The fact that some countries have progressed faster than others in key issues of culture and technology does not indicate that some were superior to others, but it did support a paradigm of domination that is still in force.
Paradoxically, those in the West who say they do not believe in liberal democracy demand free elections, parliaments, judicial institutions, and better governments. In no case do they aspire to the establishment of cantons, caliphates, theocracies, kingdoms, dynasties, or empires in their countries.
They, the unbelievers, do not defend monarchies, they detest dictatorships and long for a social coexistence free from violence and impositions.
They all want to live in a climate of social justice governed by the rule of law, advanced constitutions, popular participation, periodic and honest elections, and rulers who can be reinstated and recalled.
Faced with the dilemma of answering the question of what those who do not believe in democracy believe in, I conclude that such people, involved in a fascinating and contradictory dialectical process, not only believe but defend what they say they do not believe. It is surreal.
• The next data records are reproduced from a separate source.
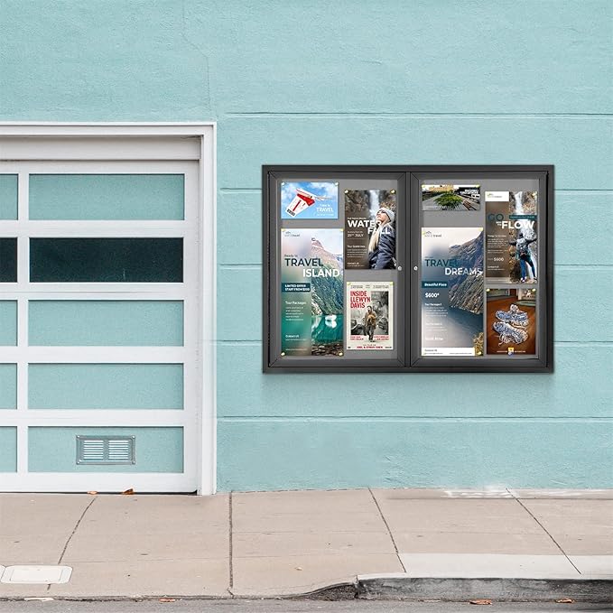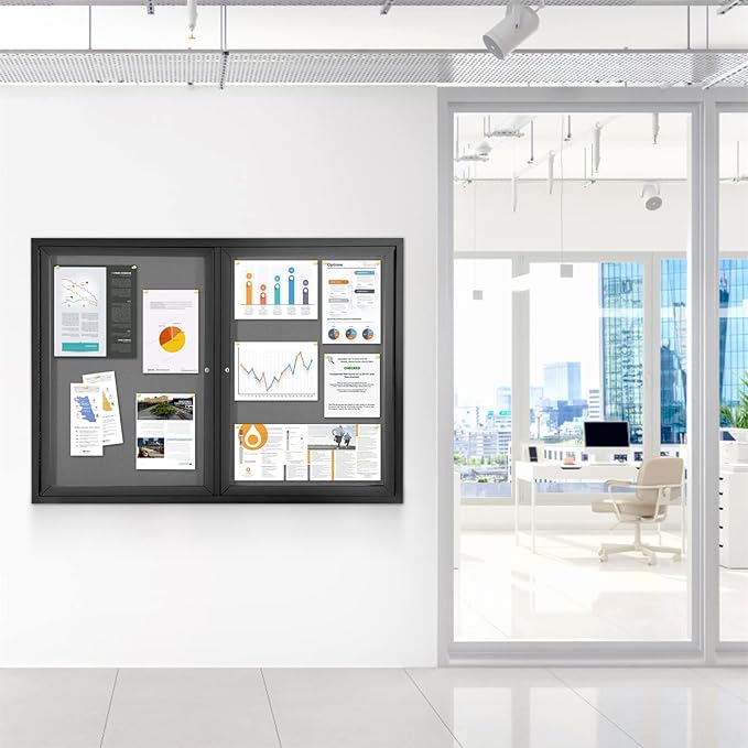 - HIGH-QUALITY MATERIAL:It is made of grey felt pin board, waterproof aluminum construction, shatter-resistant acrylic door and aluminium-plastic panel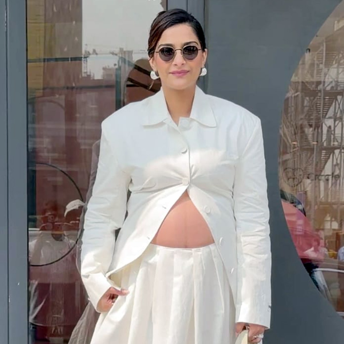 शर्ट को अनबटन करके सोनम कपूर ने फ्लॉन्ट किया बेबी बंप, प्रेग्नेंसी में दिखाई अदाएं, फैंस फिदा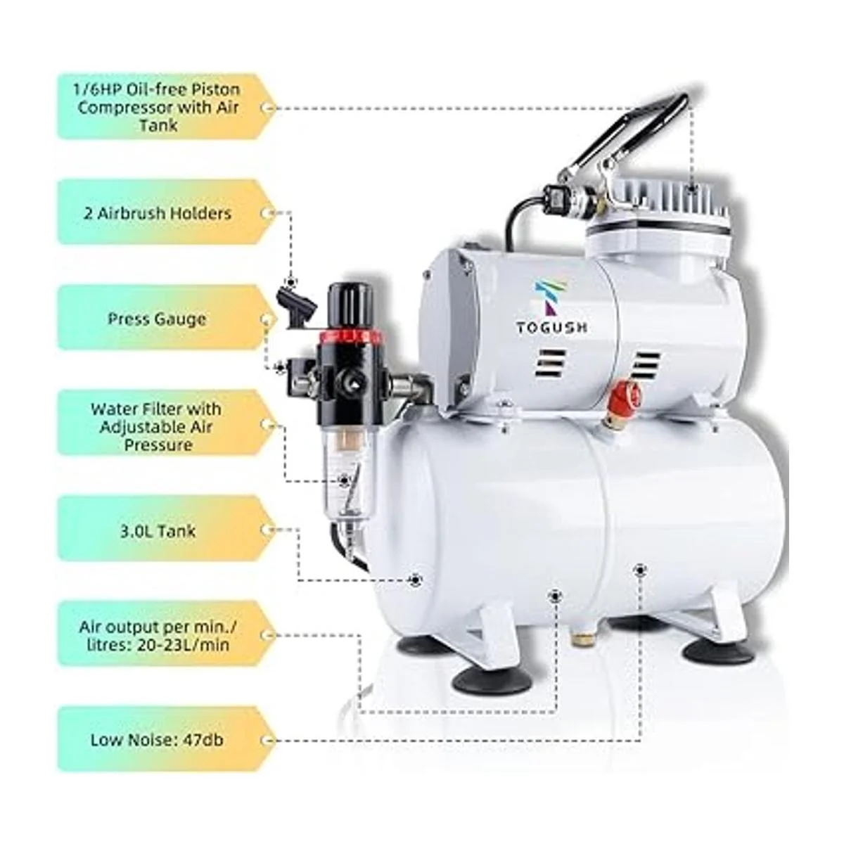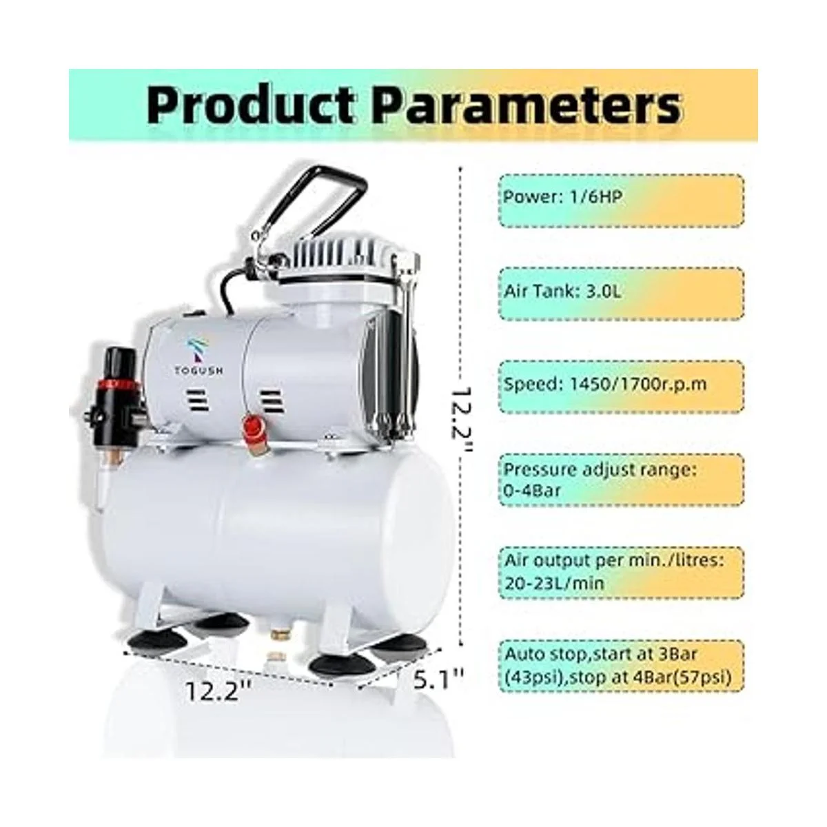 Compresor de aire de bajo ruido: el compresor de aire T TOGUSH con tanque está especialmente diseñado para trabajos de inyección de tinta de detalles finos. La máquina es pequeña en tamaño y ligera en peso, fácil de transportar y mover. Se puede utilizar directamente conectando el aerógrafo y girando el interruptor, y la presión del aire también se puede ajustar. El tanque de almacenamiento de aire de 3 L puede mantener la presión del aire estable durante un largo tiempo de trabajo de impresión, y el funcionamiento es suave y de bajo ruido, y también es muy adecuado para uso en interiores.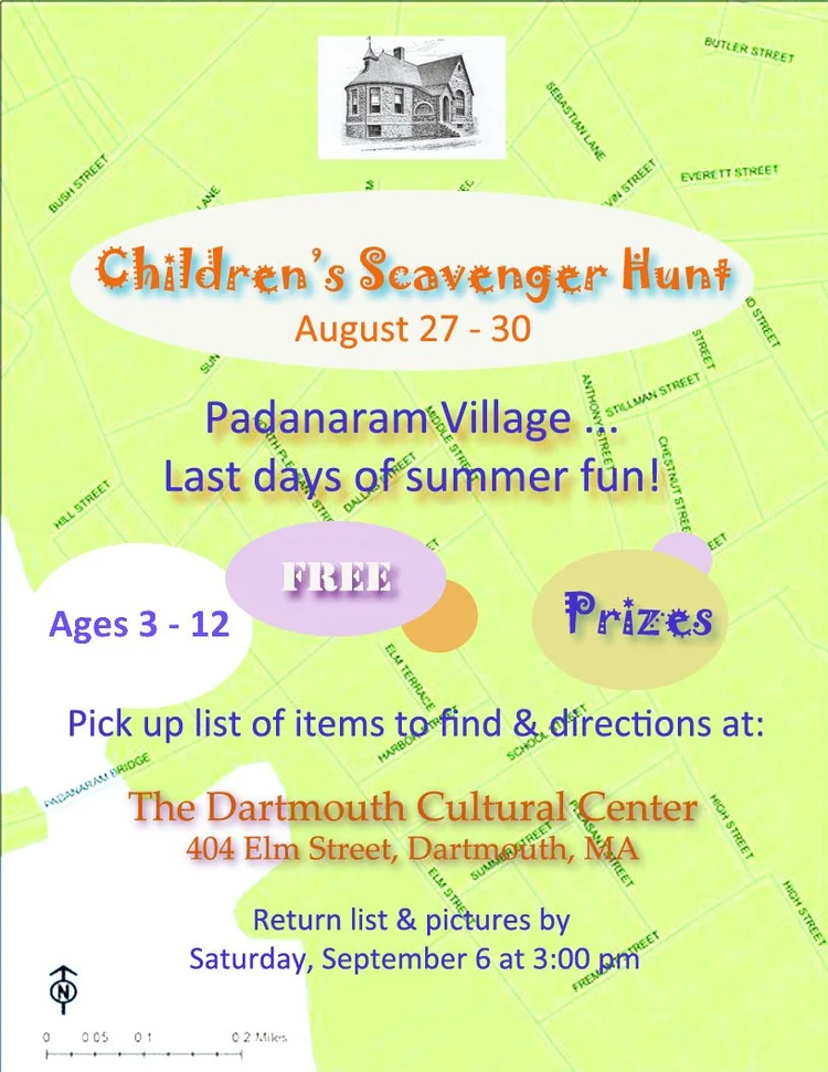 Pick up your scavenger hunt form between Wednesday, August 27 and Saturday, August 30 at the Dartmouth Cultural Center, located at 404 Elm Street.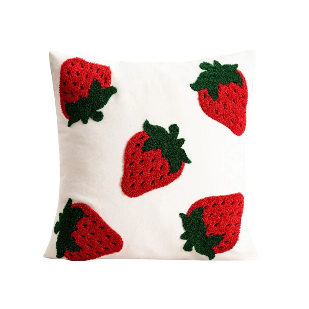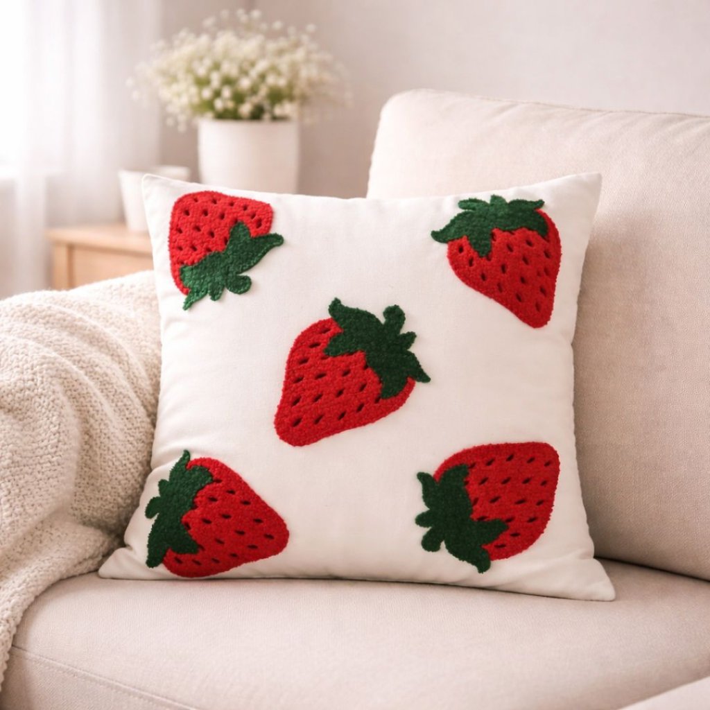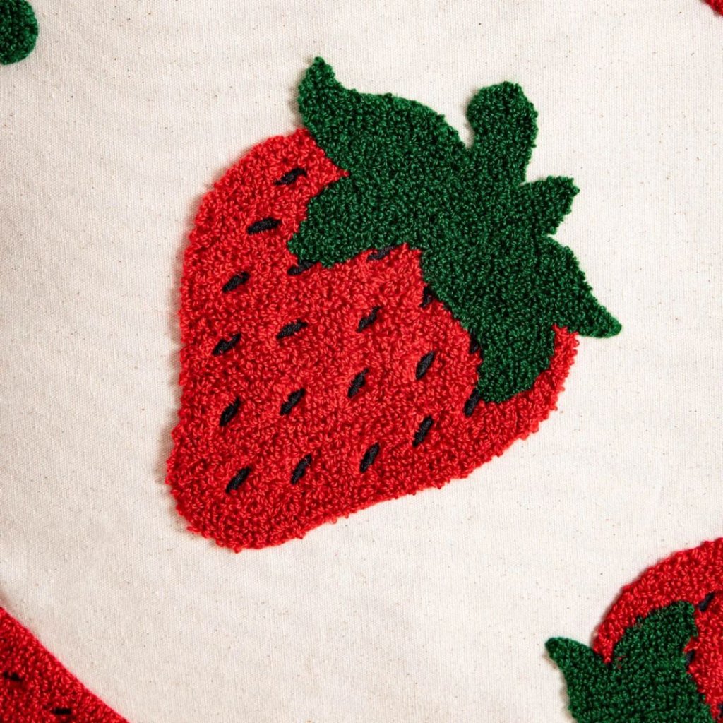 - Lněný povlak s vyšívanými jahodami, které jemně vystoupí z povrchu.
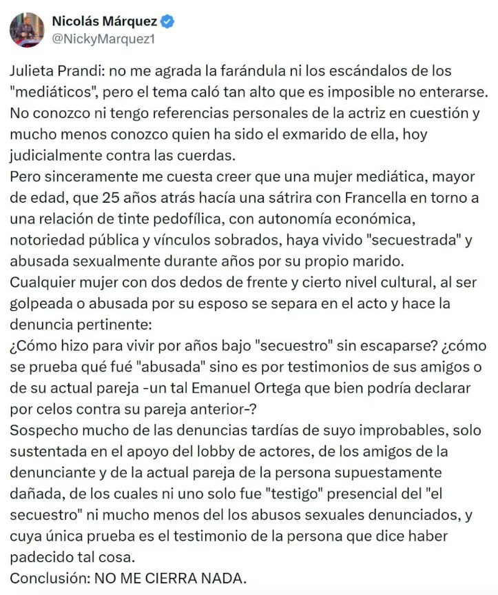 “Cualquier mujer con dos dedos de frente y cierto nivel cultural, al ser golpeada o abusada por su esposo, se separa en el acto y hace la denuncia pertinente”, continúa la publicación de Márquez. Y sumó: “¿Cómo se prueba que fue ‘abusada’ si no es por testimonios de sus amigos o de su actual pareja -un tal Emanuel Ortega que bien podría declarar en contra por celos de su pareja anterior-?”.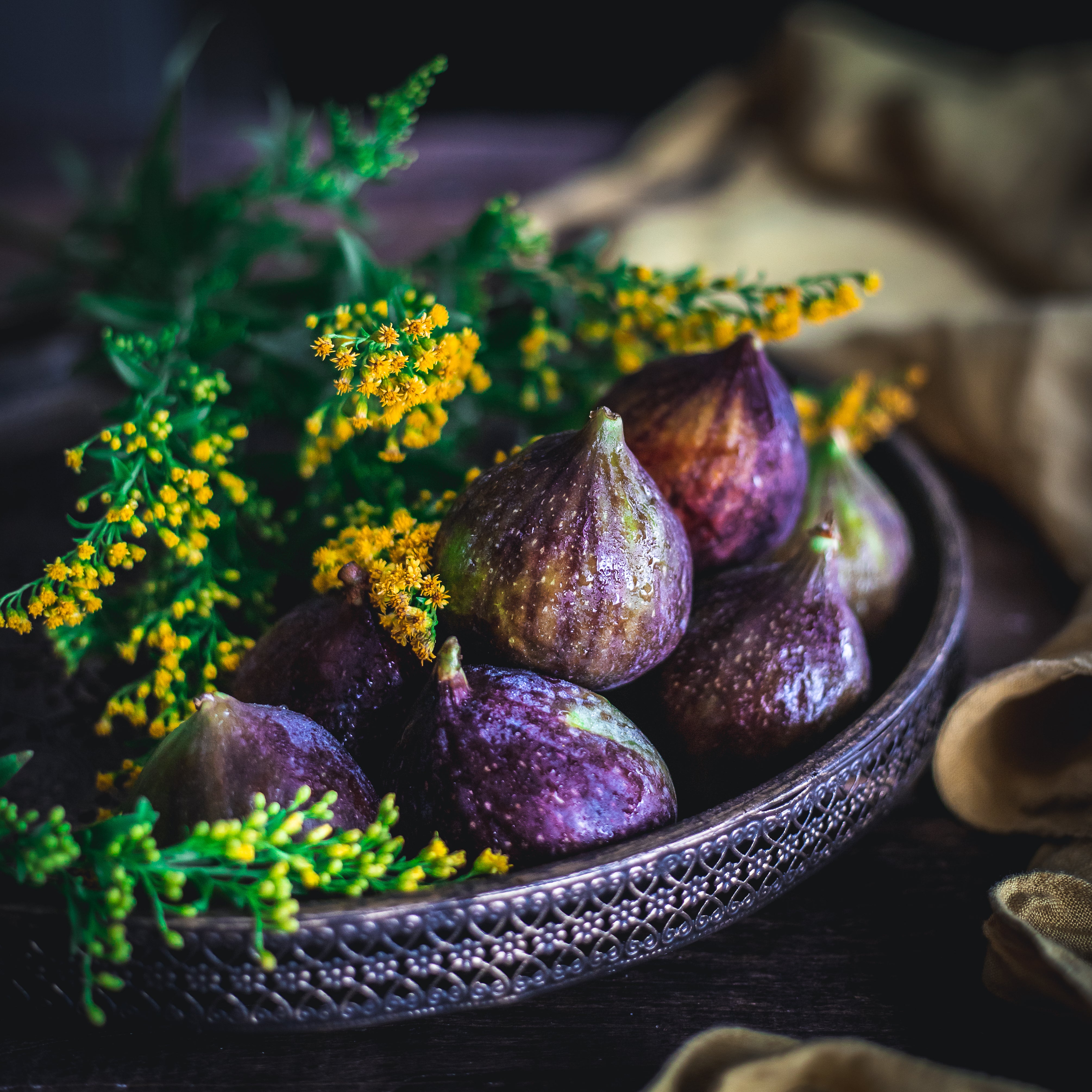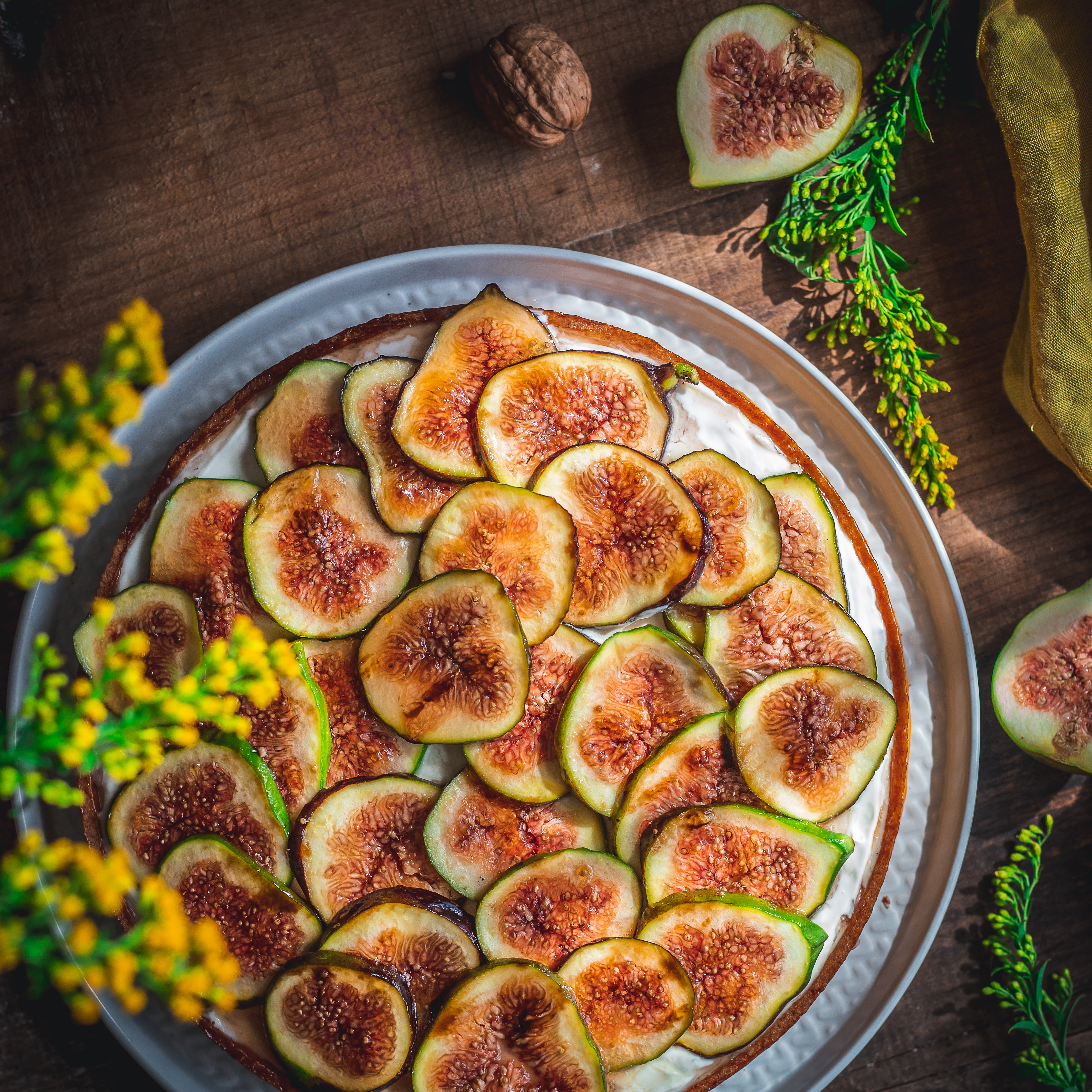 Découper les figues en fines tranches. Chauffer légèrement le miel et ajouter quelques cuillères à café de condiment à base de vinaigre balsamique et figues. Mélanger. Étaler la confiture de figues sur le fond de la tarte, verser la crème jusqu'au bord. Disposer les tranches de figues en surface. Badigeonner avec la sauce au miel tiède. À discrétion, ajouter quelques noisettes grillées.

In this case, tension is expressed between the understanding of the phenomenon on a social scale and concrete events that occur when, once the regime based on popular sovereignty, suffrage, and law is established, the democratic path zigzags, retreats, sometimes violently, and lets fall on societies and people a fog that does not allow us to see the horizon. This state of calamity can last for decades.
When democratic procedures have been distorted, recovery takes place over more or less prolonged periods in which executive forms of government can be established in which authentic popular leaders head legitimate revolutions to reestablish democracy. Those who do not believe in it may know what they are looking for; I don’t. See you there.